Итак, три вызова за одну неделю февраля.

Все три дуэльных письма в полном собрании Пушкина стоят рядышком этаким созвездием Рока — но время смерти еще не наступило… Хлюстин сам забирает свой вызов, князь Репнин 10 февраля пишет (на русском): «…я с г-н Боголюбовым никаких сношений не имеючи никогда на ваш счет в его присутствии ничего не говорил. Вам же искренне скажу, что гениальный талант ваш… и т. д.».

Пушкин объяснения принял и ответил Репнину (тоже по-русски) коротким, обходительным письмом. Две дуэли пронесло, оставалась третья — с графом Соллогубом.

Кстати, и молодой граф и немолодой Пушкин были в одних чинах: оба камер-юнкеры двора. Что же произошло между ними? А случилось следующее: Соллогуб несчастливо влюбился, но, не получив взаимности, решился на временный отъезд из Петербурга. Накануне он был на вечере вместе с Натальей Николаевной Пушкиной, которая, между прочим, тоже была предметом его сердечных чувств — в молодости граф был любвеобилен. «Много видел я на своем веку красивых женщин, — вспоминал позднее Владимир Соллогуб, — много встречал женщин еще обаятельнее Пушкиной, но никогда не видывал я женщины, которая соединяла бы в себе такую законченность классически правильных черт и стана. Ростом высокая, с баснословно тонкой тальей, при роскошно развитых плечах и груди, ее маленькая головка, как лилия на стебле, колыхалась и грациозно поворачивалась на тонкой шее; такого красивого и правильного профиля я не видел никогда более, а кожа, глаза, зубы, уши! Да, это была настоящая красавица, и недаром все остальные, даже из самых прелестных женщин, меркли как-то при ее появлении… Я с первого же раза без памяти в нее влюбился; надо сказать, что тогда не было почти ни одного юноши в Петербурге, который бы тайно не вздыхал по Пушкиной; ее лучезарная красота рядом с этим магическим именем всем кружила головы».
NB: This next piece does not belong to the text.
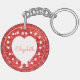 This key chain features a coral glitter bokeh background with a dot encircled white heart centre and a first name and initial letter monogram. Personalise the text fields with a first or last name and initial, remove one or both text or click customise to select a typeface style, size, and colour you prefer. The text change will occur on both sides.
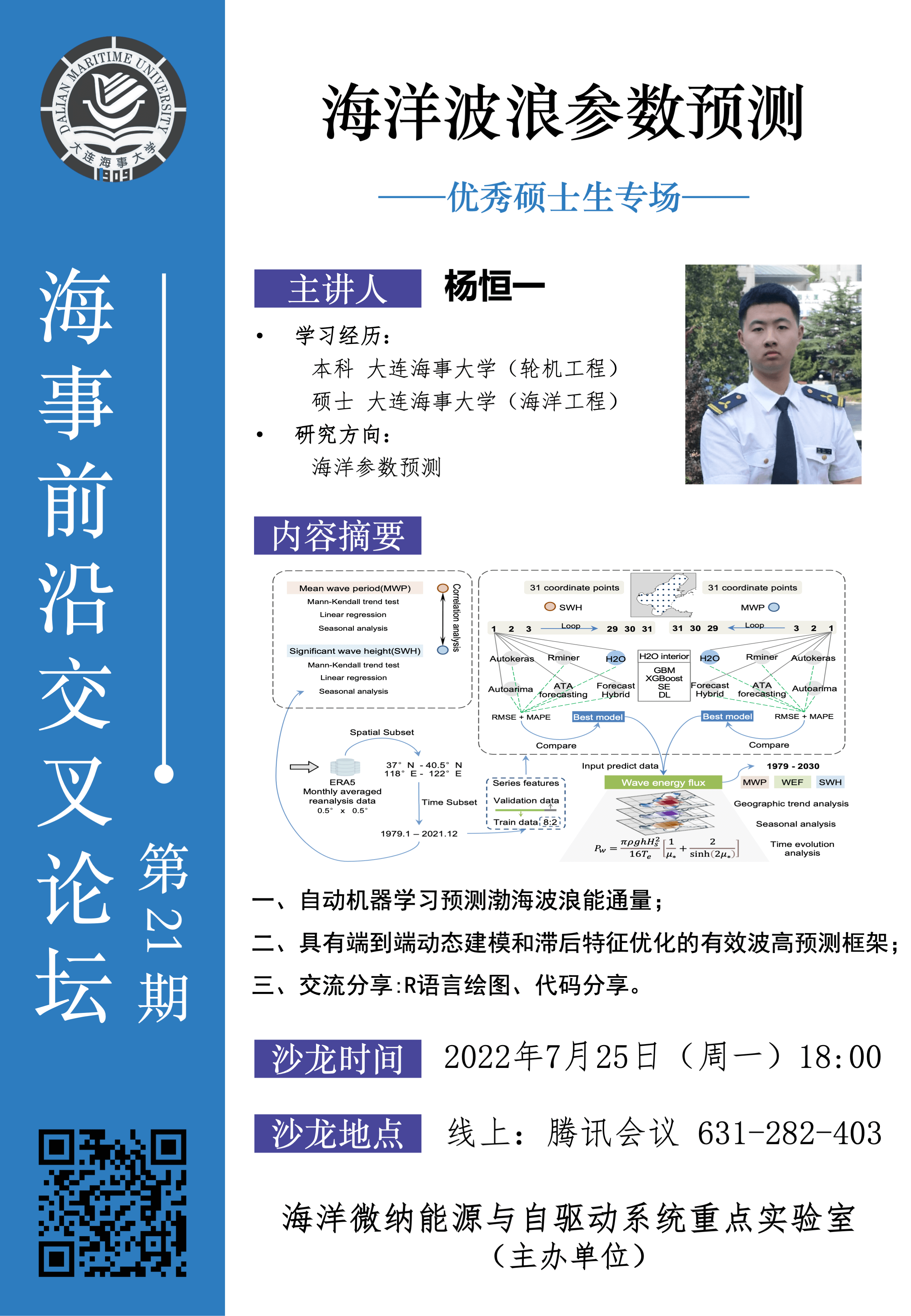 海事前沿交叉论坛第21期--优秀硕士生专场,由杨恒一主讲,要点包括机器学习在海洋波浪参数预测中的应用。

Так вот — продолжим сюжет — история несчастливой любви графа сразу к нескольким дамам света была предметом разговоров и, как писал много лет спустя Соллогуб, Наталья Николаевна в тот вечер «шутила над моей романтической страстью и ее предметом. Я ей хотел заметить, что она уже не девочка, и спросил, давно ли она замужем… Все это было до крайности невинно и без всякой задней мысли».

Но свет умел жалить.

Свидетели этого разговора — две дамы, две сестры, две княжны Вяземские сделали из неумелого вопроса ужасную расчетливую дерзость, что будто бы Соллогуб с тем намерением

спросил жену поэта давно ли она замужем, чтобы дать понять, что, мол, еще рано ей иметь дурное поведение в смысле измен. «Натали, неужто вы не поняли?» Словом, все это они с удовольствием растолковали провинциальной красавице, которая «должно быть, — предполагал Соллогуб, — сама рассказала Пушкину про такое странное истолкование моих слов, так как она вообще ничего от мужа не скрывала, хотя и знала его пламенную, необузданную природу». Пушкин тотчас написал к Соллогубу письмо в Тверь, никогда, впрочем, к нему не дошедшее.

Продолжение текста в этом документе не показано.